/NLDBQuery

LLM Project to interact with database using plain english

Primary LanguageJupyter Notebook

NLDBQuery

Welcome to the Gemini Pro Large Language Model (LLM) NLP project! This project aims to facilitate interaction with a database using plain English queries through Google's free Gemini Pro LLM. Various frameworks such as Lang Chain and Hugging Face were employed to enhance model accuracy using few-shot learning techniques.

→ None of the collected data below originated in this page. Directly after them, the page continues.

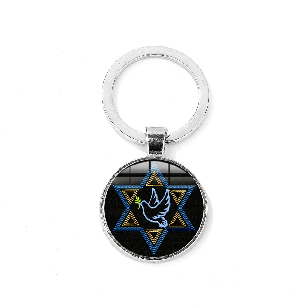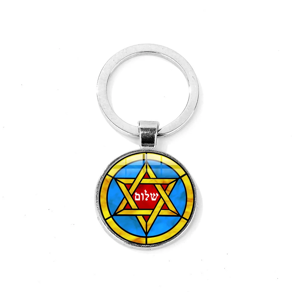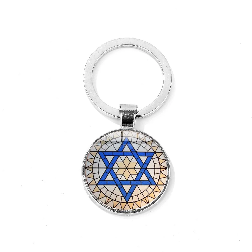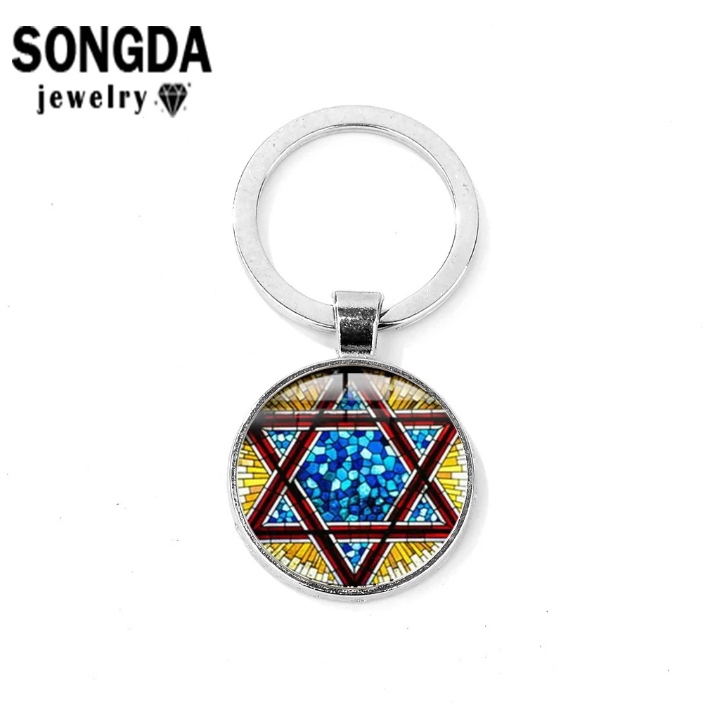 SONGDA Звезда Давида брелок прозрачный Стекло купол с печатным рисунком брелок шесть ноль амулет со звездой Религия символ Израиль кулон
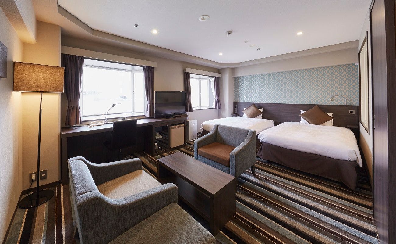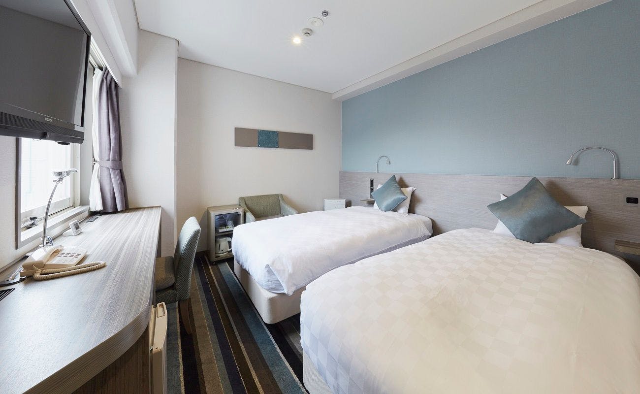白×寒色系でまとめられたシンプルなツインルーム。【客室設備のご案内】・加湿空気清浄機・32インチテレビを設置・ミネラルウォーター(ペットボトル)・高速インターネット回線無料(無線・有線)※ ズボンプレッサー・アイロン・アイロンボードは客室階のエレベーターホールにご用意しております
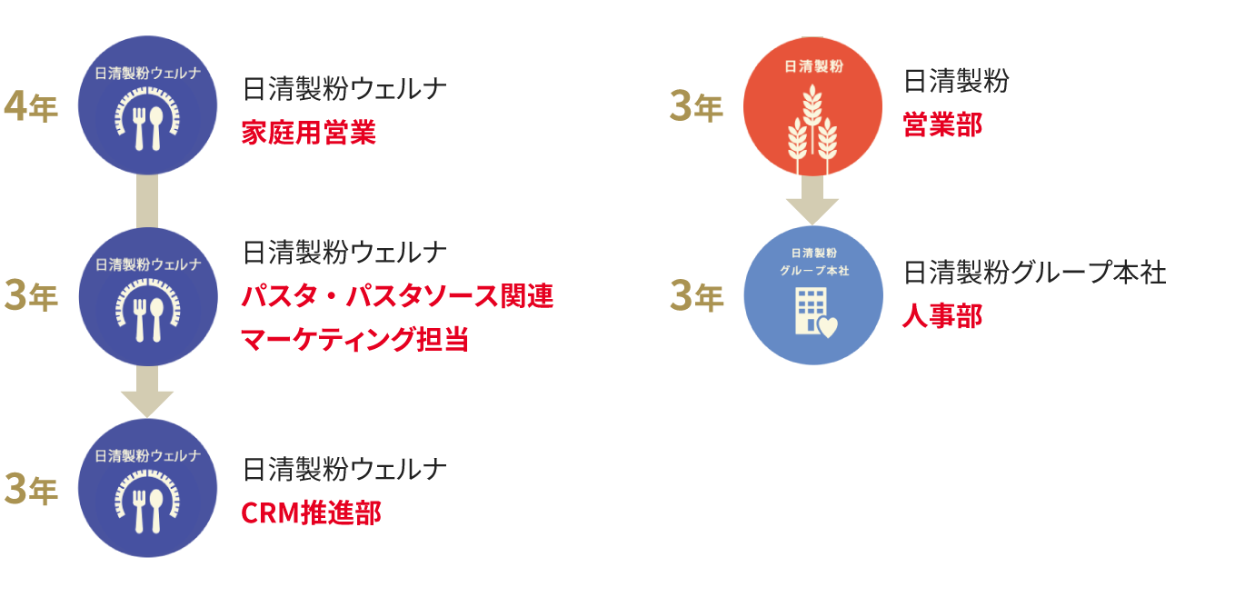 | コース詳細 | お客様との信頼関係の構築とソリューション提案を通して、BtoC領域では消費者の豊かな食生活に貢献し、BtoB領域では顧客の企業価値向上を目指します。また、お客様のニーズや市場動向の洞察をもとに、戦略的なプロモーション活動や魅力的なブランドイメージを構築し、当社グループにおけるブランド価値向上による市場創造や需要喚起を図ります。 初任配属は各社の営業(本社・地方)とし、その後は適性に応じて、営業・マーケティング、(株)日清製粉グループ本社 コーポレート部門などでのキャリアアップを目指します。 |
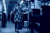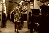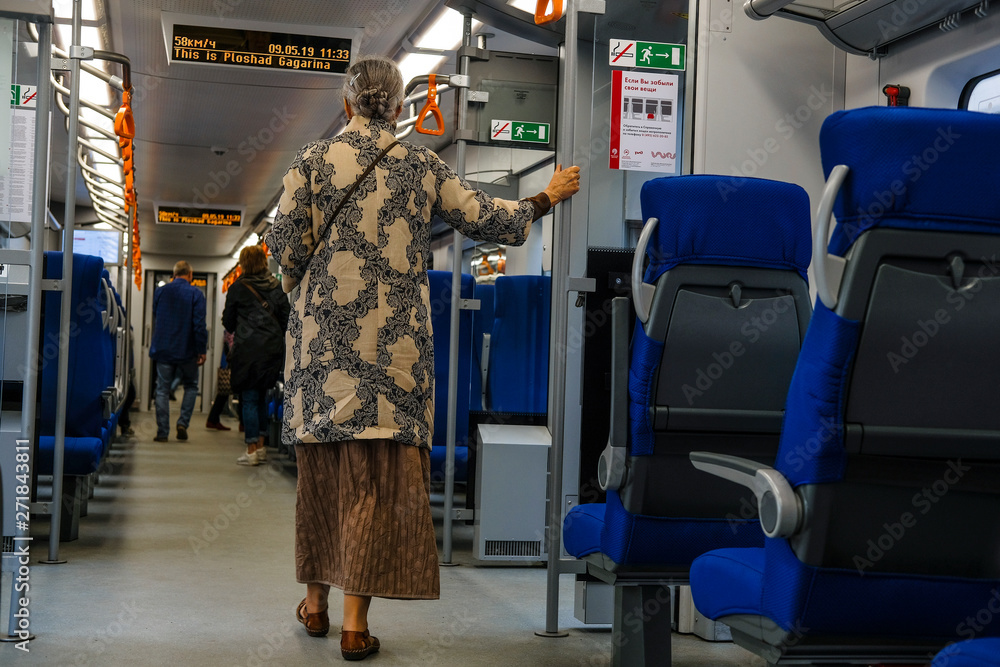 Moscow, Russia - May, 9, 2019: image of an old woman holding a handrail in a subway car
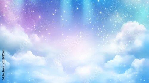Celestial Dreamscape: A dreamy, ethereal background with soft clouds, twinkling stars, and radiant light beams, perfect for evoking feelings of wonder, serenity, and hope.
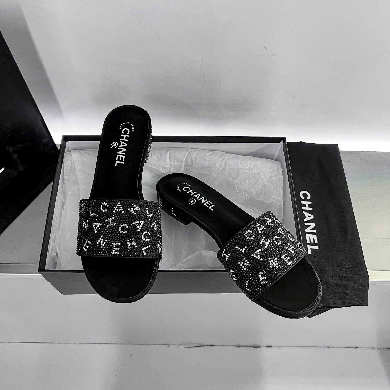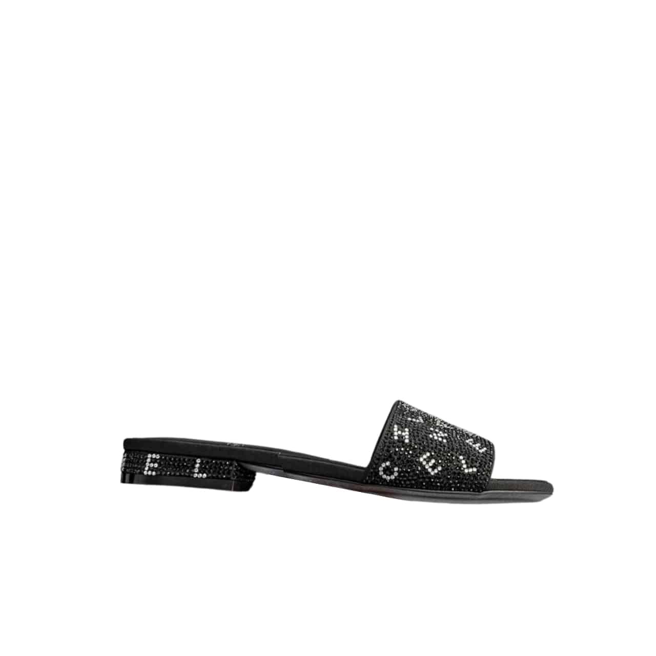 Chanel 24P Beaded Diamond Logo Slippers Black
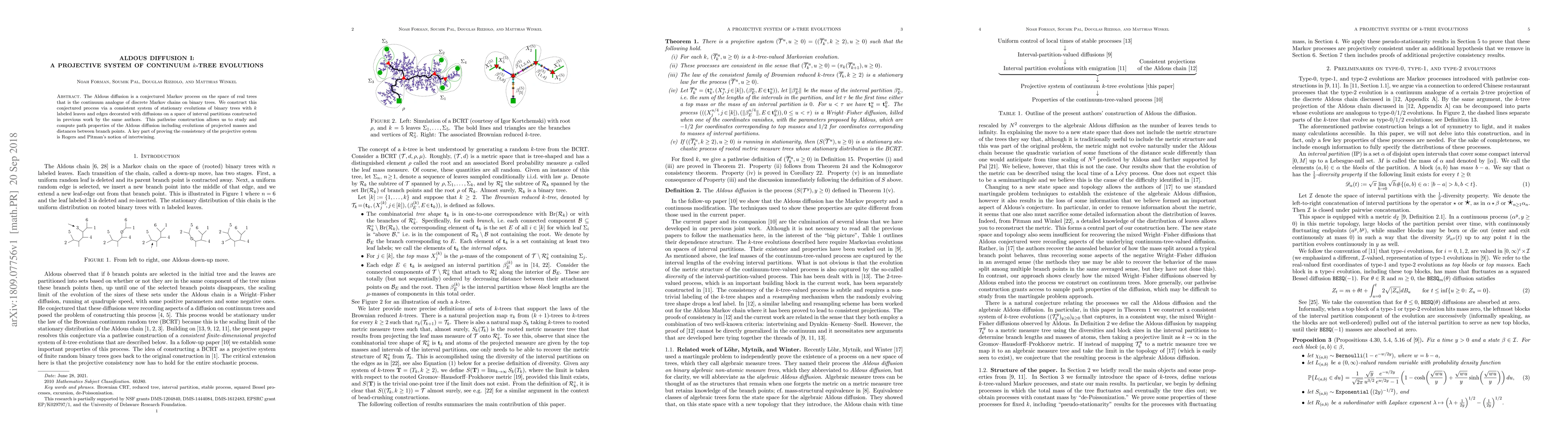 The Aldous diffusion is a conjectured continuum analogue of Markov chains on binary trees, constructed via a projective system of evolving binary trees with labeled leaves. This construction allows for the study of path properties, utilizing intertwining techniques to prove consistency.
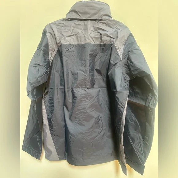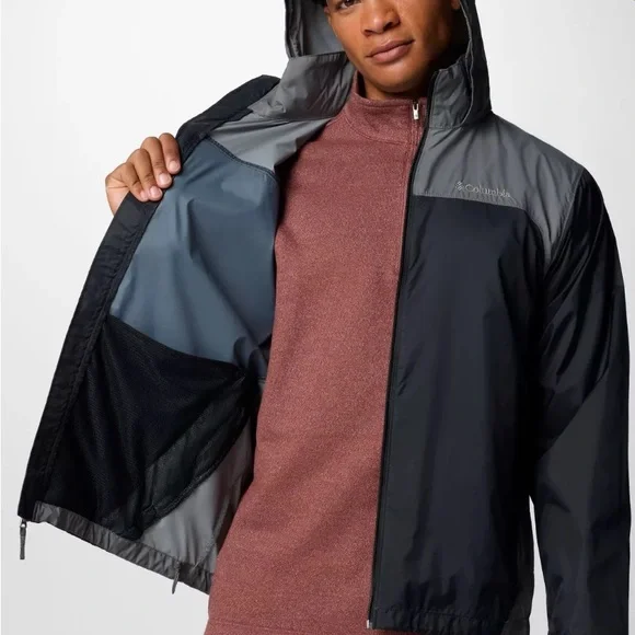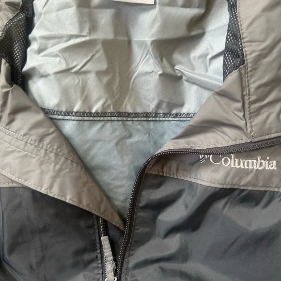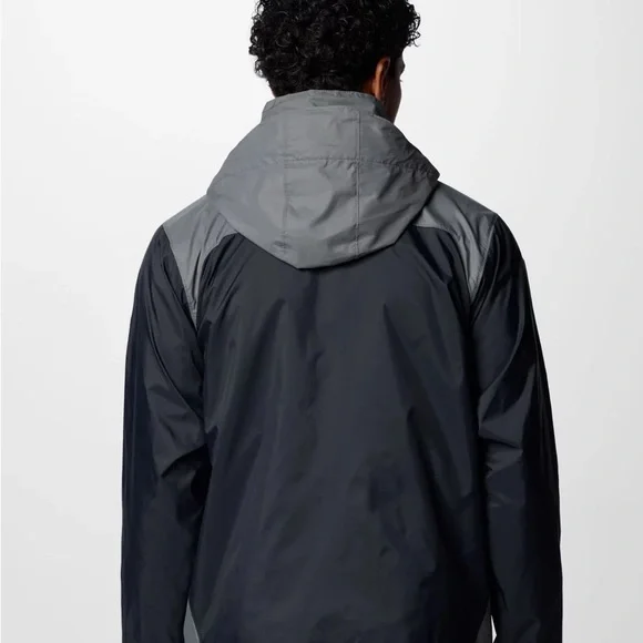 Experience the perfect blend of style and functionality with the Columbia Rain Jacket. This lightweight jacket, crafted in a sleek black and gray color scheme. Made from durable synthetic fabric, it offers a sporty look ideal for outdoor activities. Omni-Shield™ repels moisture and resists stains by preventing liquids from absorbing into fast-drying yarns, so you stay clean and dry in damp, messy conditionsHood stows into collar when you don’t need itZippered hand pockets secures valuablesAdjustable sleeve cuffs and drawcord adjustable hood for a versatile fit. Packable into hand pocket

Additionally, vector databases(ChromaDB) were utilized in the process to further refine the results.

Image description

Installation

To get started with the project, follow these steps:

  1. Clone the repository:
git clone https://github.com/OmSDeshmukh/NLDBQuery
  1. Navigate to directory:
cd NLDBQuery
  1. Create a virtual environment:
python3 -m venv .venv
  1. Activate the virtual environment:
# On Windows
venv\Scripts\activate

# On macOS/Linux
source venv/bin/activate
  1. Download Dependencies:
pip install -r requirements.txt
  1. Create database:
# Login
mysql -u username -p password

# Create Database
CREATE DATABASE atliq_tshirts < db_creation_atliq_t_shirts.sql;
  1. Configure .env files accordingly with the required API keys and password of the database

Usage

To run inference and interact with the database, follow these instructions:

Ensure you're in the project directory and the virtual environment is activated.

Run the following script:

streamlit run main.py

Aknowledgement

Special thanks to Codebasics whose YouTube video provided valuable insights and guidance in creating this project.

License

This project is licensed under the MIT License - see the LICENSE file for details.

Feel free to customize it further according to your project's specific details and requirements.